Matt's point is that love is not, in itself, the deciding factor for whether a marriage is valid. Fair enough. No one said it was.
At this point, with issues and counter issues being raised on top of each other, it's difficult to work out the exact logical structure of the debate. My division of it into rounds is of course largely arbitrary. Let's say that Matt wins round four: love is not in itself enough for a marriage to be valid. We pass, in the middle of a sentence, into the next section.
Can you marry someone else's wife if you love each other? (Legally, at time of writing, yes, but she must divorce her current husband first.) This is Matt continuing his last point. Bob takes him up on it thus: an act is wrong if it does harm. At this point, Bob also picks up on Matt's earlier throwaway comment on paedophilia: does it do harm? Then it's wrong.

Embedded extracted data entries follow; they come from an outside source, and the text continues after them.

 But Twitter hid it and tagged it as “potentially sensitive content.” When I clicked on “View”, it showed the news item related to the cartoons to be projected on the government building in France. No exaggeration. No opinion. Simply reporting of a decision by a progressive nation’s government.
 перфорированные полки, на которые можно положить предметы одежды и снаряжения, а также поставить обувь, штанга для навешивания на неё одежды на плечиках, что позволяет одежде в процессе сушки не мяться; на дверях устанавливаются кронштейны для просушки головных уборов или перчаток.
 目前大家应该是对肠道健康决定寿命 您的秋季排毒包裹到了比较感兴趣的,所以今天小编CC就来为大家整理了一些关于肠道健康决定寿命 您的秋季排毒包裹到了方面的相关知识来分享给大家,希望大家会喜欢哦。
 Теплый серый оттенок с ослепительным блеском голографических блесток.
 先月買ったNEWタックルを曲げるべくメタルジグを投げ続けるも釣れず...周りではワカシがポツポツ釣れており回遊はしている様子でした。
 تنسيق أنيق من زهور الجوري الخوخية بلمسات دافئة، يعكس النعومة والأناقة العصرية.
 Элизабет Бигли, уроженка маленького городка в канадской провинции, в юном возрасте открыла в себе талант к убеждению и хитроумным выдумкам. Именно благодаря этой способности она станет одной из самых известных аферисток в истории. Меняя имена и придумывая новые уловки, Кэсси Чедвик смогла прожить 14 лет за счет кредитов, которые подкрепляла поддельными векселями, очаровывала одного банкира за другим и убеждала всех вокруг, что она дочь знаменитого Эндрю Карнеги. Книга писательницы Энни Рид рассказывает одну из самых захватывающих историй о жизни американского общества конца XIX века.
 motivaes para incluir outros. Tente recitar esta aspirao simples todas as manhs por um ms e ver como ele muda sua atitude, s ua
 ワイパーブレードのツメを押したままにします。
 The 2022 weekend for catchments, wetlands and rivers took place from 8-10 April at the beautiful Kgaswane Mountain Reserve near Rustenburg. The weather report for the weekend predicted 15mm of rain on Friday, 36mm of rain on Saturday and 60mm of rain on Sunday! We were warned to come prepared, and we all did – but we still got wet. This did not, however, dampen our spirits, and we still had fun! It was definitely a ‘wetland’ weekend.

Then they break off into a diversion about the source of ethics in an atheistic universe.
Of course, without guidance from a higher intelligence, humans even with the best of intentions will make mistakes. You can develop your ethics to the highest degree and still harm others. (It must be said, though, that some of the greatest damage to humanity has been done by those who claimed they were acting in perfect harmony with the will of God.) But what Matt dismisses as 'situational ethics' is real. And we can derive an excellent ethical system independent of God: A moral act is one which decreases the sum total of human suffering; an immoral act is one which increases the sum total of human suffering. If we add to this simple code a prohibition on lying, we have a perfectly adequate framework for assessing our actions in most situations.
Matt beats Bob down on the diversion (largely because Bob was anxious to get back on topic, I think) but Bob has won round five: an act is wrong only if it does harm. Homosexual marriage does not do harm.
"Tell me," asks Matt, "Why should homosexuals be allowed to get married?" As I've noted above, this is the wrong question. In a discussion on rights, always ask why the right should be withheld, not why it should be granted. Matt, not Bob, has the work to do in this debate.
However, Bob decides that he will answer Matt's question. There is a large mass of people asking for it, he says, and granting their wish will do no harm.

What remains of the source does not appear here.